Comment Re:Actual Solaris Sysadmin Here - Here's the story (Score 1) 190
> Also, yes, various Linux virtualization technologies you can hot-migrate running systems between software VMs within the same chassis (and warm migrate with downtime between hardware chassis).
In this case, it was a live migration over two different chassis.
> But the price/perf/features just don't add up in the modern world versus commodity hardware and open source software, except...
In the existing case with a large corporate environment with a Linux/x86 cloud and a Solaris/SPARC cloud, Oracle wins the spot for lowest price point for a system, and wins at the higher end because Linux doesn't (reasonably) scale that big.

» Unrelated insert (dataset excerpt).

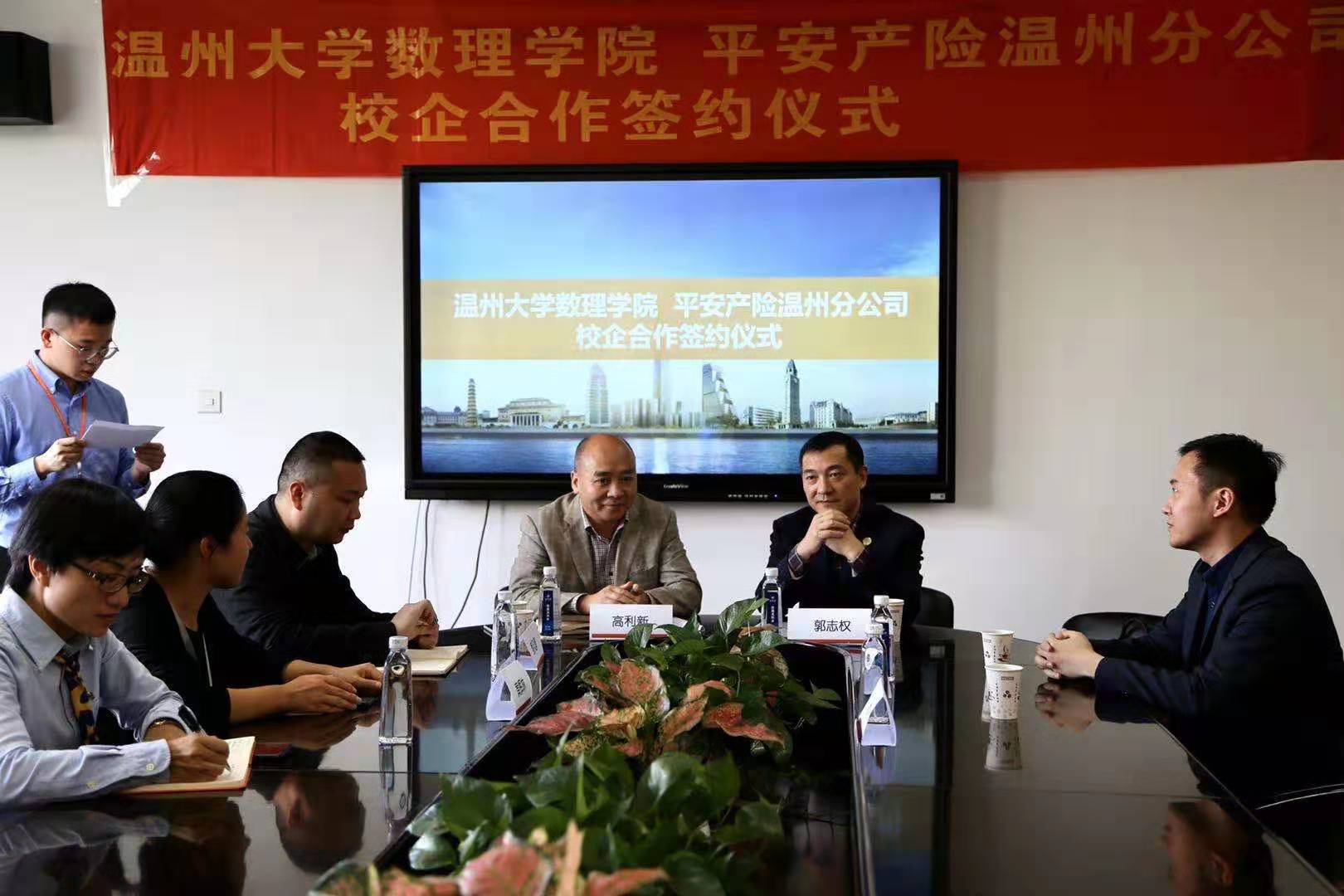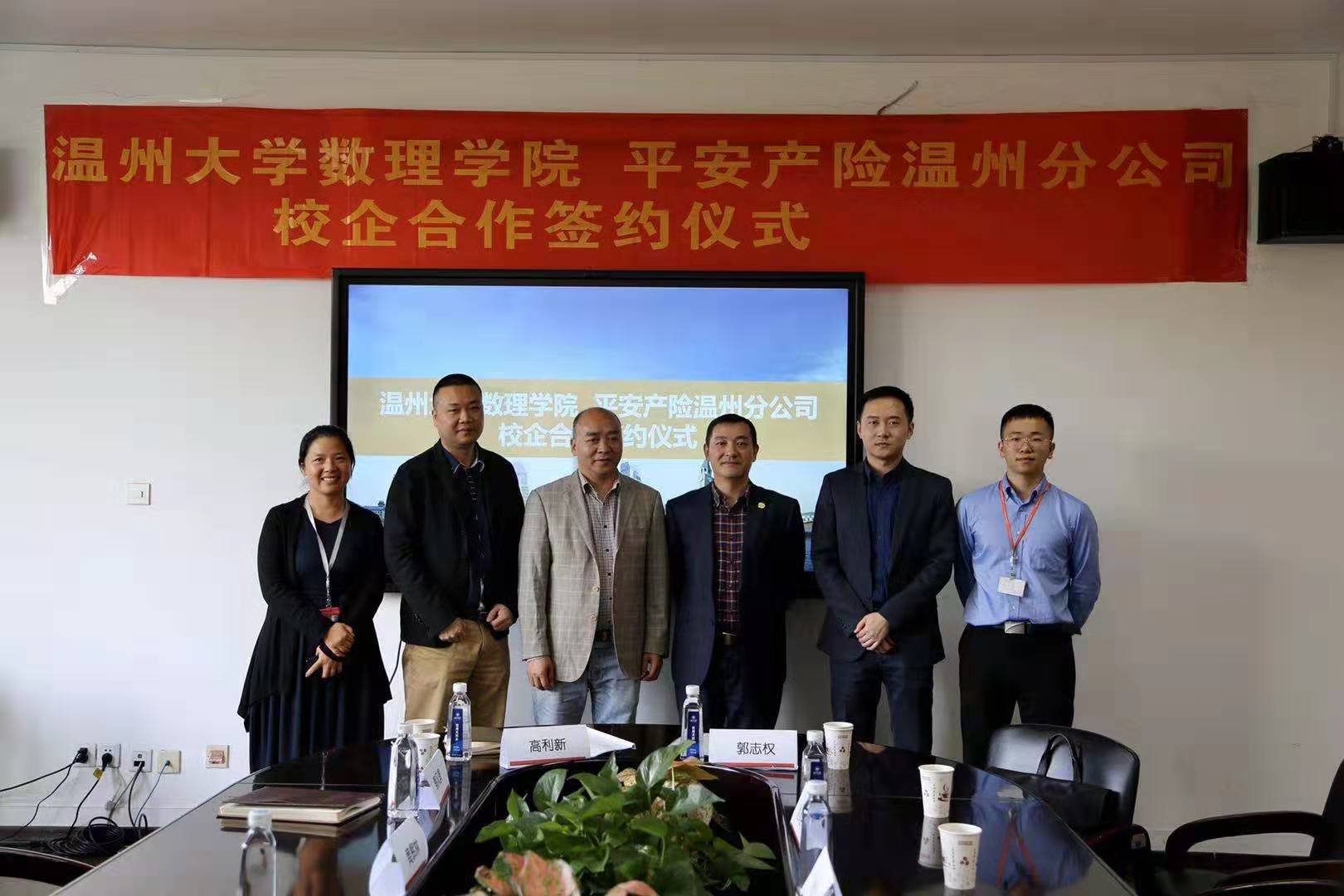 10月29日,平安产险温州分公司与51吃瓜 数理学院校企战略合作签约仪式在51吃瓜 数理学院举行。51吃瓜 数理学院院长高利新,数理学院副院长蔡风景,数理学院副教授黄辉林,平安产险温州分公司副总经理郭志权,人事行政部经理赵泽臣出席本次签约仪式,高利新院长与郭志权副总经理代表校企双方签署了校企战略合作协议。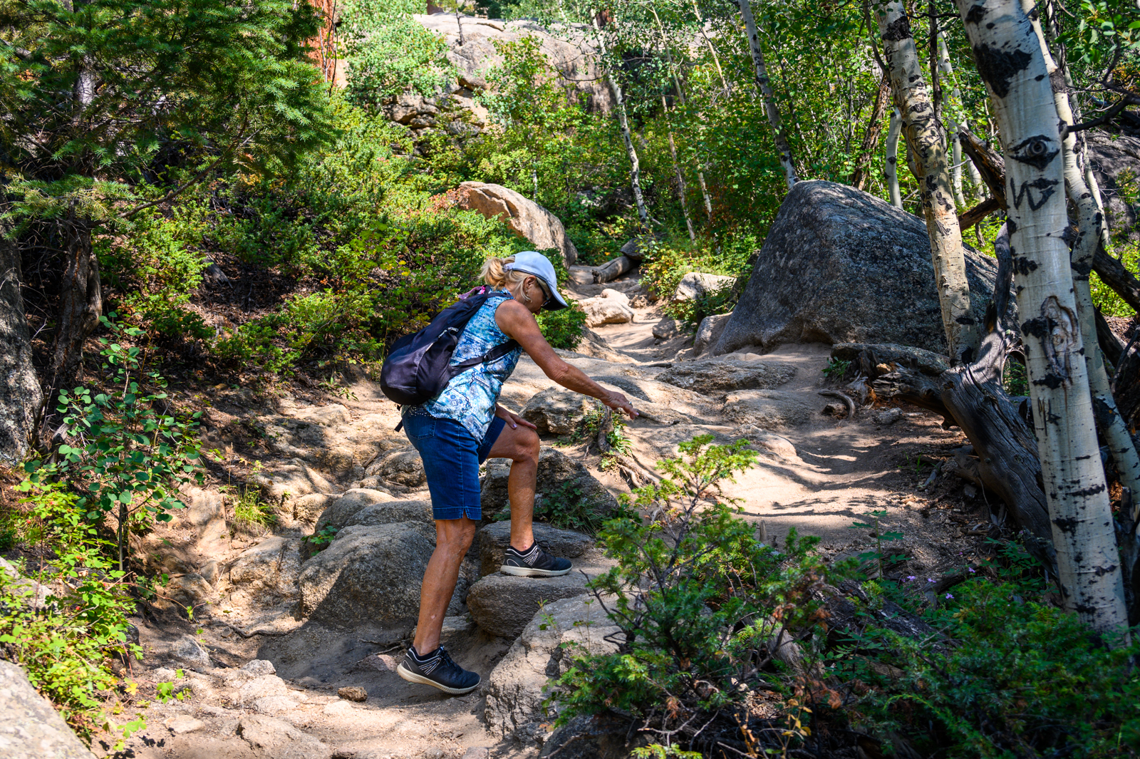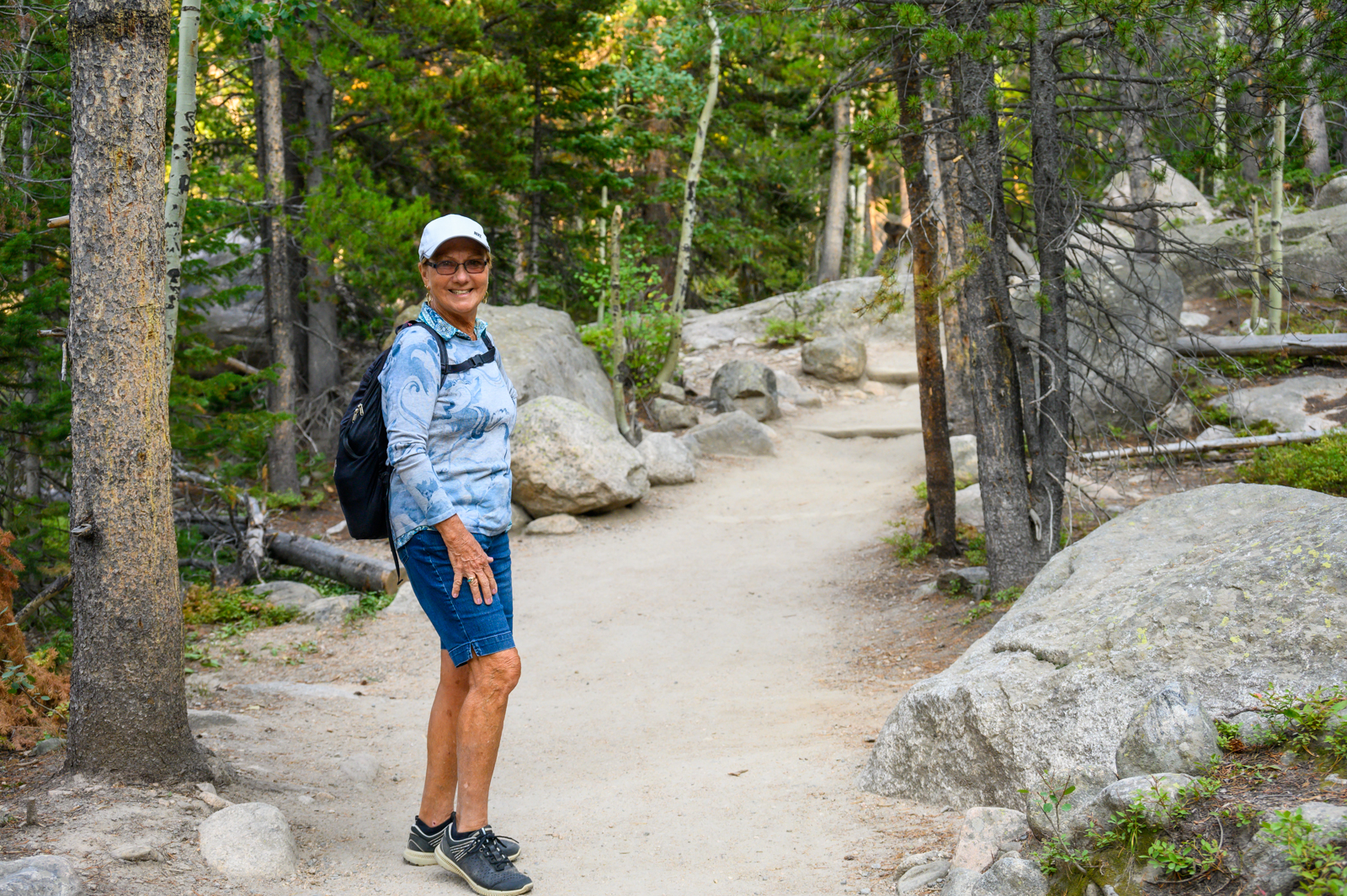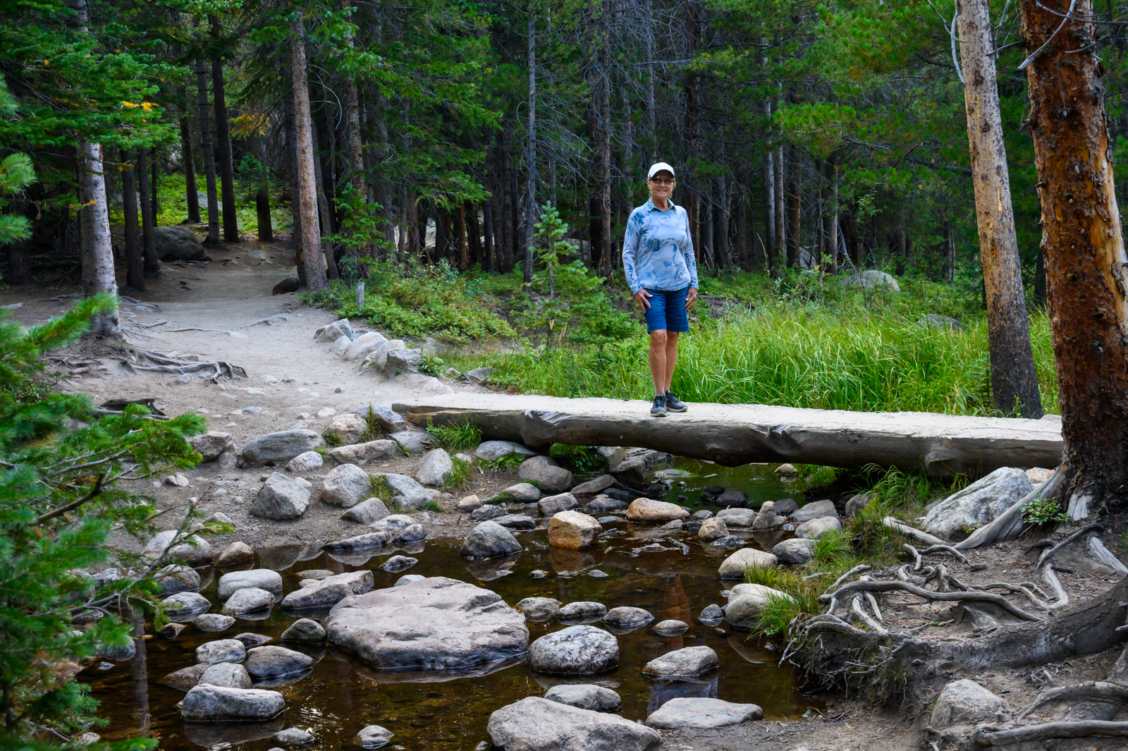 With our hiking legs in relatively good shape, we decided we would explore the park in the late afternoon too. We had two destinations in mind. First, we wanted to see Alberta Falls which was a fairly easy 0.9-mile hike from the Glacier Gorge Trailhead, off Bear Lake Road. Although the trail was more crowded than our morning adventure to Gem Lake, we did not find the trail to be overrun with people. We enjoyed the cooler temperatures of the late afternoon and were rewarded with beautiful views of Alberta Falls.

> You just have to install the "mcelog" package on e.g. Debian/Ubuntu. I'm sure the same software exists for the other distros.
Will it simply retire bad pages (at a page level) as they happen, or is it able to detect when enough errors have happened on a single DIMM and to retire all the pages on the DIMM (because it understands the hardware layout and can map those pages to specific hardware)? That's the advantage of controlling the OS and controlling the hardware. Here is an example of multiple errors being detected by Solaris on a DIMM and it identifying and retiring all pages on the entire DIMM:
Fault class : fault.memory.dimm_sb
Affects : mem:///motherboard=0/chip=1/memory-controller=0/dimm=3/rank=0 degraded but still in service
FRU : "CPU 1 DIMM 3" (hc://:product-id=Sun-Fire-X4200-Server:chassis-id=0000000000:server-id=oryx/motherboard=0/chip=1/memory-controller=0/dimm=3)
Description : The number of errors associated with this memory module has exceeded acceptable levels. Refer to http://sun.com/msg/AMD-8000-2F for more information.
Response : Pages of memory associated with this memory module are being removed from service as errors are reported.
Impact : Total system memory capacity will be reduced as pages are retired.